CPU | real | user | sys | |
---|---|---|---|---|
gopher | 18 | 46.726 | 13.971 | 4.059 |
gemini | 4 | 107.928 | 3.951 | 0.322 |
CPU | real | user | sys | |
---|---|---|---|---|
gopher | 0 | 52.403 | 0.635 | 0.185 |
gemini | 4 | 103.290 | 3.957 | 0.285 |
THAT'S more like it!
Now, about that code … this is my best guess as to what was going on.
The sendqueue
field is a Linux-only field,
so I'm checking to see if it exists,
and then checking the value
(if only to avoid the “attempt to compare number with nil” Lua error on non-Linux systems).

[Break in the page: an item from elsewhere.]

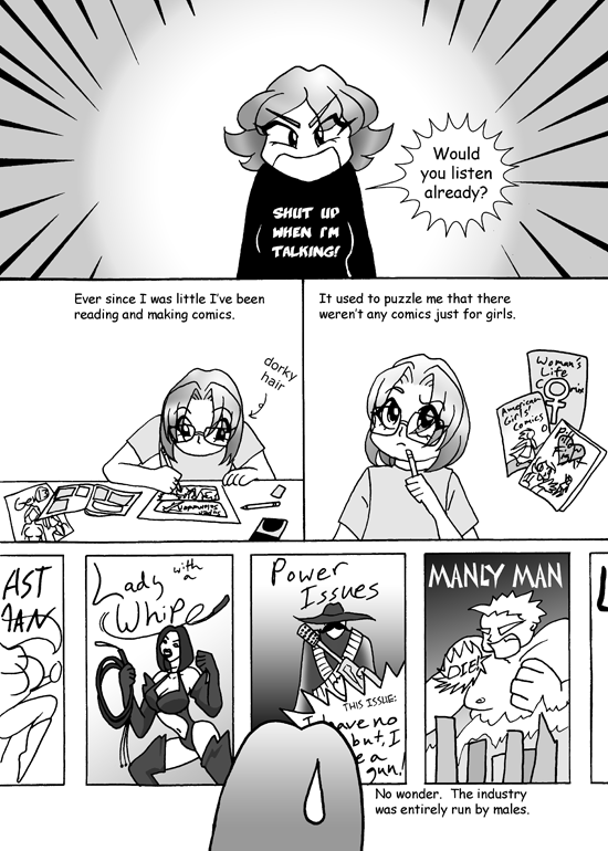 Caption: "It used to puzzle me that there weren't any comics just for girls."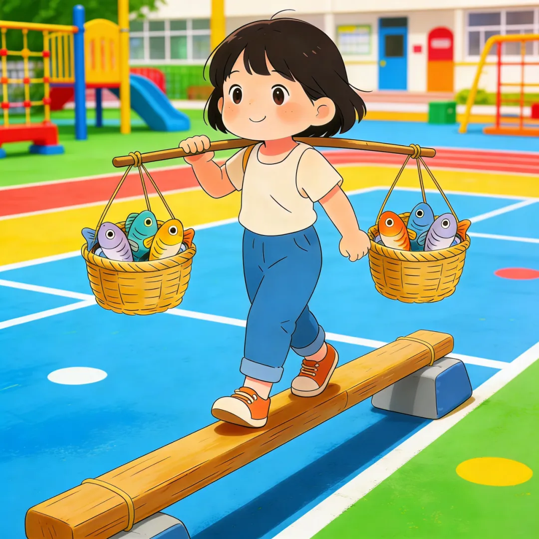 挑渔获平衡木:挑着小扁担,体验水上搬运

This returns the number of bytes the kernel has yet to send,
so we switch the socket to trigger an event when we can write to it,
and yield.
Even worse,
the check isn't just a simple variable fetch,
but ends up being an ioctl()
system call.
Twice!
Now the “write” event code:
if event.write then if #ios.__output > 0 then local bytes,err = ios.__socket:send(nil,ios.__output) if err == 0 then ios.__wbytes = ios.__wbytes + bytes ios.__output = ios.__output:sub(bytes + 1,-1) else syslog('error',"socket:send() = %s",errno[err]) nfl.SOCKETS:remove(ios.__socket) nfl.schedule(ios.__co,false,errno[err],err) end end if #ios.__output == 0 then nfl.SOCKETS:update(ios.__socket,'r') nfl.schedule(ios.__co,true) end end
There's probably no data to be sent (ios.__output
is empty) so we immediately switch the socket back to trigger for readability,
then resume the coroutine handling the socket.
It goes back to the while
loop,
setting the socket back to trigger on writability,
and kept bouncing like that until the kernel buffer had been sent.
As I wrote, this fixed an issue I had with local domain sockets—it wasn't an issue with an IP socket, and in fact, was the wrong thing to do for an IP socket.
And as it is with these types of bugs, finding the root cause is not trivial, but the fix almost always is.